The CPP was Ghana’s governing party from 1957 until it was overthrown in a coup d’état in 1966. Declassified intelligence files confirm Dr Kwame Nkrumah’s overthrow was the result of a conspiracy between Western intelligence agencies and some Ghanaian military officers. The coup was promptly hailed by Western governments, including the U.S.
Allegations of American involvement in the coup d’état arose almost immediately because of the well-known hostility of the U.S. towards CPP's socialist orientation and pan-African activism.
These allegations were subsequently confirmed by declassified U.S. State Department files detailing the CIA’s active undermining of the CPP government and in its eventual illegal overthrow.
Speaking on Ghana Yensom on Accra 100.5fm in an exclusive interview Friday April 1, Mr Greenstreet told host Chief Jerry Forson that allegations that he was a CIA spy “make no sense”.
He said of the charge: “Then they [CIA] will be spending [huge] money,” asking: “So, when I was a candidate in 2004 in Ayawaso West Wuogon, that one too they sponsored it? When I became General Secretary in 2007 in Kumasi, that one too they sponsored it? So, when I became General Secretary again at the Trade Fair site in 2011 for my second four-year term, that one too they sponsored it, or they let me do all those things on my own, and then for the presidential, they came to sponsor?”
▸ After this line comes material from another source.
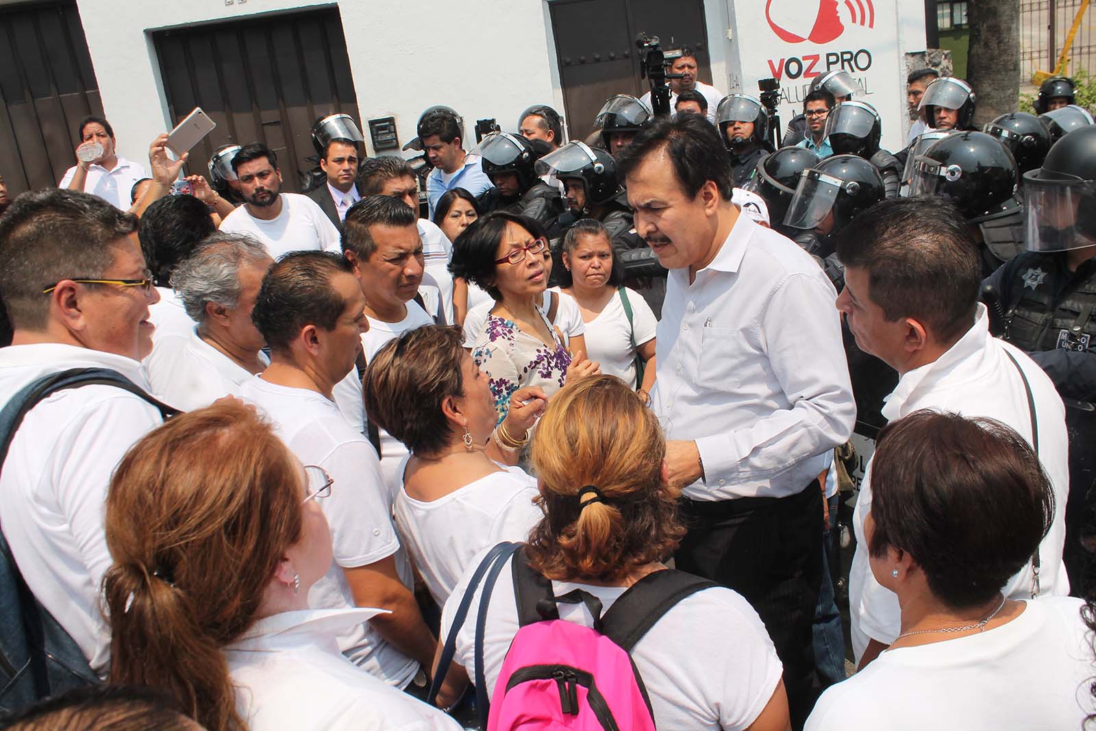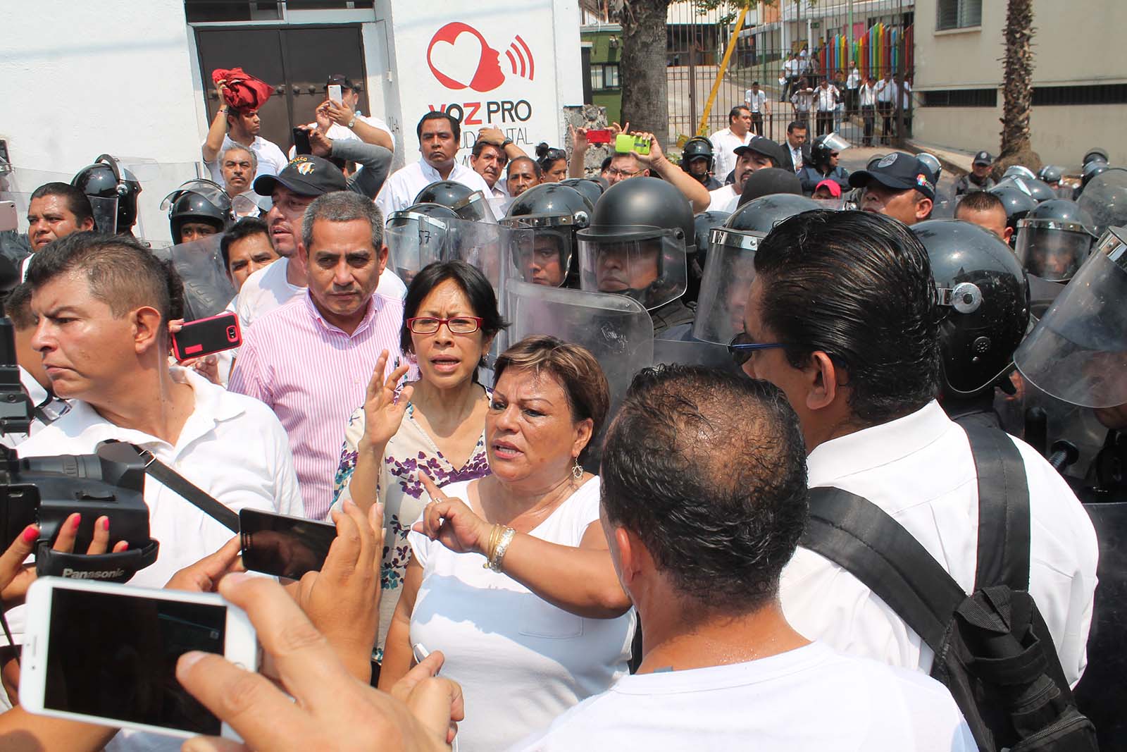 Al notar la resistencia, llegó un grupo de unos 100 policías del Mando Único, formando una barrera, sin embargo estos no aplicaron ningún acción. «No entiendo porque nos mandan a estos elementos, nosotros no somos ningunos criminales, solo estamos exigiendo lo que por ley nos corresponde», recalcó Leticia Castro.

“You should know that some things do not make sense, but it is a reality you have to face in this game or this pursuit of service or what you want to do.
“Look at what they did to Jerry John Rawlings when he was in power, look at what they did to Hilla Limann. Look at what they said about President Kufour and now what they are saying about John Dramani Mahama. Do they find it easy as leaders? You will never find it easy. … They say, ‘Uneasy sits the head that wears the crown,” so, you have to take it; it is part of the profession that we are engaged in,” he said.
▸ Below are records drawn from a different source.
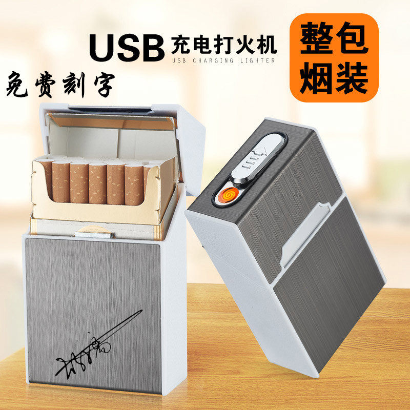 Портсигар, портативная универсальная ультратонкая зажигалка с usb-зарядкой, 20 шт, полностью автоматический
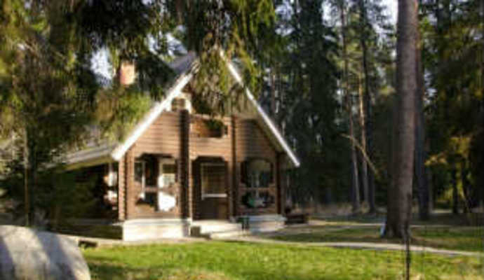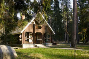 На базе отдыха Эдем отдыхающие размещаются в коттеджах финского типа (высокий первый этаж, на второй этаж - винтовая лестница, внутри помещения нет отдельных комнат). В гостиной - коттедж с камином. В одном коттедже размещаются до 4-х человек.
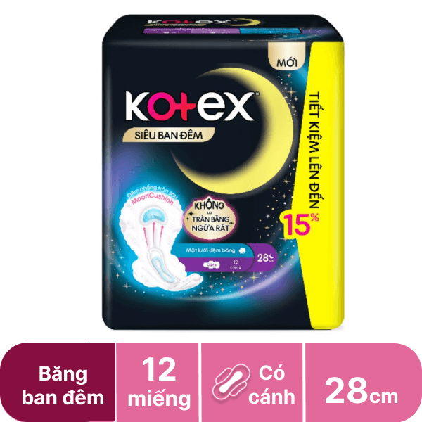 Trong những ngày “đèn đỏ”, việc lựa chọn loại băng vệ sinh phù hợp là điều mà bất kỳ chị em nào cũng quan tâm, đặc biệt là vào ban đêm – thời điểm cần cảm giác an tâm và thoải mái tuyệt đối. Kotex Ban Đêm với thiết kế đa dạng như siêu thấm, siêu mỏng, có cánh, chống tràn… cùng chiều dài lý tưởng 28cm chắc chắn sẽ đáp ứng tốt nhu cầu bảo vệ của phái đẹp. Bài viết dưới đây sẽ giúp bạn hiểu rõ hơn về các dòng băng vệ sinh Kotex ban đêm phổ biến, giá cả cũng như địa chỉ mua hàng uy tín, để bạn tự tin tận hưởng giấc ngủ ngon suốt đêm dài.

Mr Greenstreet noted that to deal with such issues, he goes back to remind his supporters of what he stands for.
“Every time you deal with issues like that you always go back and remind the people what you stand for, what you are coming to do on their behalf. Remind them that you have a track-record of honesty and of service and of the beliefs of your party’s ideals to solve the problems, and then you will see that they themselves will know that any story that has been told is not truthful.”
He said the CPP, despite the allegations against him, will continue to work hard with “our organisation at the grassroots, we will continue sending our message of peace and of love and of service to the people of this nation”.
He was hopeful that the CPP’s renewed unity, strategies, commitments, and message will resonate with Ghanaians in the November polls.